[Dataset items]
—————
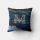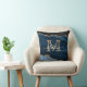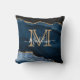 Navy Blue Gold Agate Monogram Name Script Initiaal Kussen
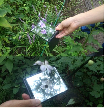 約1600坪あり、山・郷・林・湿地…4つのゾーンがある園内。 1時間ほどで、ぐるりと散策することができます。 山のゾーンで「レンゲショウマ」という花を発見! 下向きに咲いているので、指で上向きにして見てみよう…と思ったところ 「咲いているまま、鏡で見るときれいですよ」と増渕さん。 鏡にかざすと花びらが日光に透けてすごくきれい!!! 咲いている姿のまま、見ることもでき、大発見でした★ (いままで手鏡をこのように使ったことはありませんでした!) ![]() そして、今が見ごろのお花は…
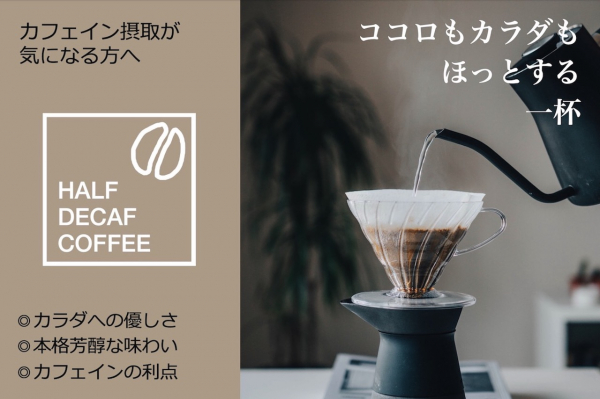 Half Decaf Coffeeは、カフェインがフルでもゼロでもない、ちょうど心地良いカフェイン量になっており、カフェインがもたらす利点と、しっかりとしたコーヒーの香りと味わいをダブルで楽しんでいただけるコーヒーです。
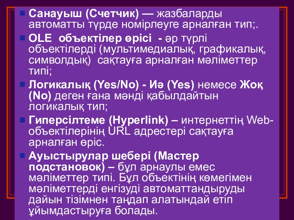 Санауыш (Счетчик) — жазбаларды автоматты түрде номірлеуге арналған тип;. OLE объектілер өрісі - әр түрлі объектілерді (мультимедиалық, графикалық, символдық) сақтауға арналған мәліметтер типі; Логикалық (Yes/No) - Иә (Yes) немесе Жоқ (No) деген ғана мәнді қабылдайтын логикалық тип; Гиперсілтеме (Нype rlink ) – интернеттің Web- объектілерінің URL адрестері сақтауға арналған өріс. Ауыстырулар шебері (Мастер подстановок) – бұл арнаулы емес мәліметтер типі. Бұл объектінің көмегімен мәліметтерді енгізуді автоматтандыруды дайын тізімнен таңдап алатындай етіп ұйымдастыруға болады.
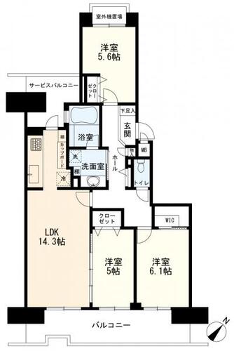 バルコニー / バス・トイレ別 / 洗濯機置き場(有) / ウォークインクローゼット / クローゼット
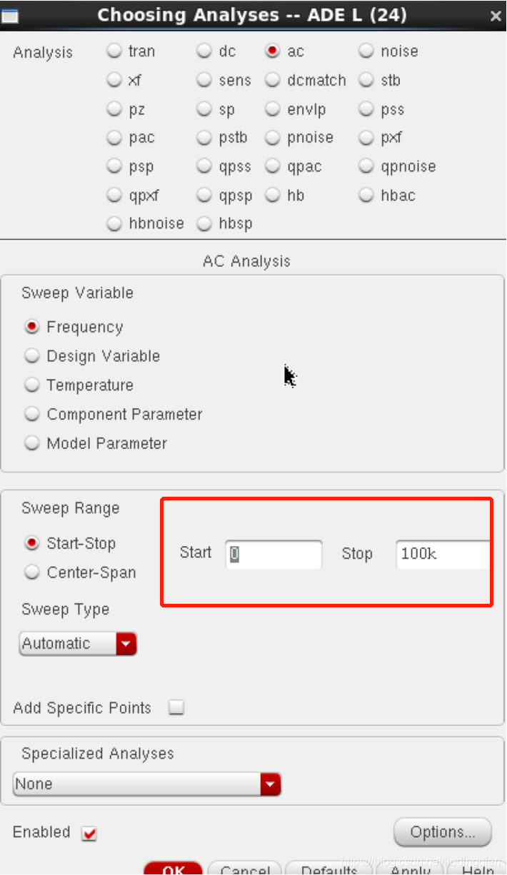 R=10K,C=700pF,由公式得截止频率Fc=22784Hz,做AC仿真(0~100kHz)(做AC分析,关于频率的分析时,理想输入源的频率设不设不影响)
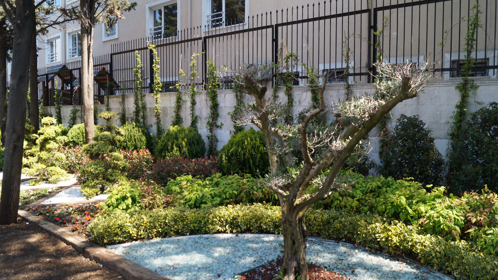 Даже клумбы вокруг мечети очень своеобразные) засыпаны стеклом.
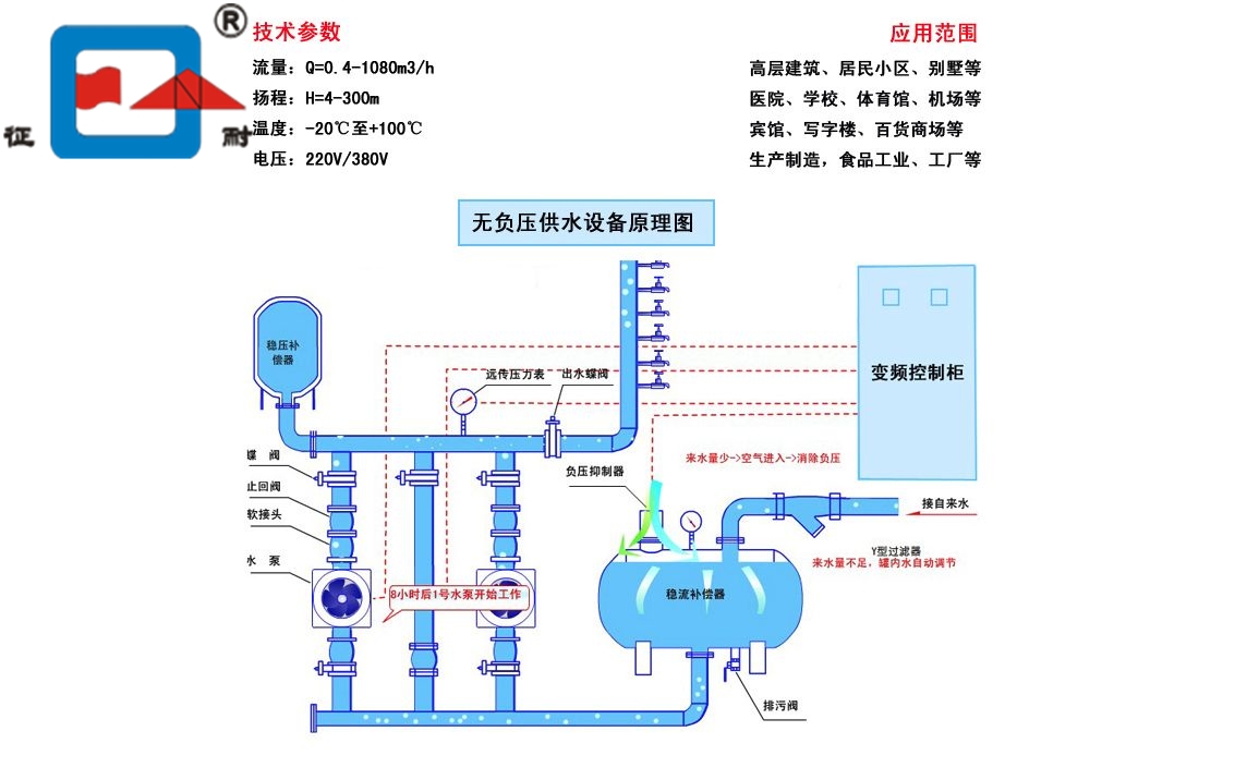 CZWG智能無(wú)負(fù)壓供水設(shè)備是集 水力學(xué)、機(jī)械性能、智能化變頻節(jié)能控制、遠(yuǎn)程監(jiān)控、穩(wěn)流防負(fù)壓技術(shù)于一身,具有節(jié)能、環(huán)保、衛(wèi)生、占地面積 小、經(jīng)濟(jì)實(shí)惠的變頻節(jié)能無(wú)負(fù)壓管網(wǎng)增壓穩(wěn)流給水設(shè)備。該設(shè)備按照國(guó)家標(biāo)準(zhǔn)GB/T26003-2010生產(chǎn),廣泛用于各 種高層樓宇、小區(qū)、大型賓館、商場(chǎng)以及工礦企事業(yè)單位的無(wú)污染的二次供水。
—————
- [THE TASK] A word-for-word copy is needed of the lines from the line with "Даже клумбы вокруг" through the last line of the entries above, with both ends kept and the pictures dropped.

- [ANSWER AREA]
 Даже клумбы вокруг мечети очень своеобразные) засыпаны стеклом.
 CZWG智能無(wú)負(fù)壓供水設(shè)備是集 水力學(xué)、機(jī)械性能、智能化變頻節(jié)能控制、遠(yuǎn)程監(jiān)控、穩(wěn)流防負(fù)壓技術(shù)于一身,具有節(jié)能、環(huán)保、衛(wèi)生、占地面積 小、經(jīng)濟(jì)實(shí)惠的變頻節(jié)能無(wú)負(fù)壓管網(wǎng)增壓穩(wěn)流給水設(shè)備。該設(shè)備按照國(guó)家標(biāo)準(zhǔn)GB/T26003-2010生產(chǎn),廣泛用于各 種高層樓宇、小區(qū)、大型賓館、商場(chǎng)以及工礦企事業(yè)單位的無(wú)污染的二次供水。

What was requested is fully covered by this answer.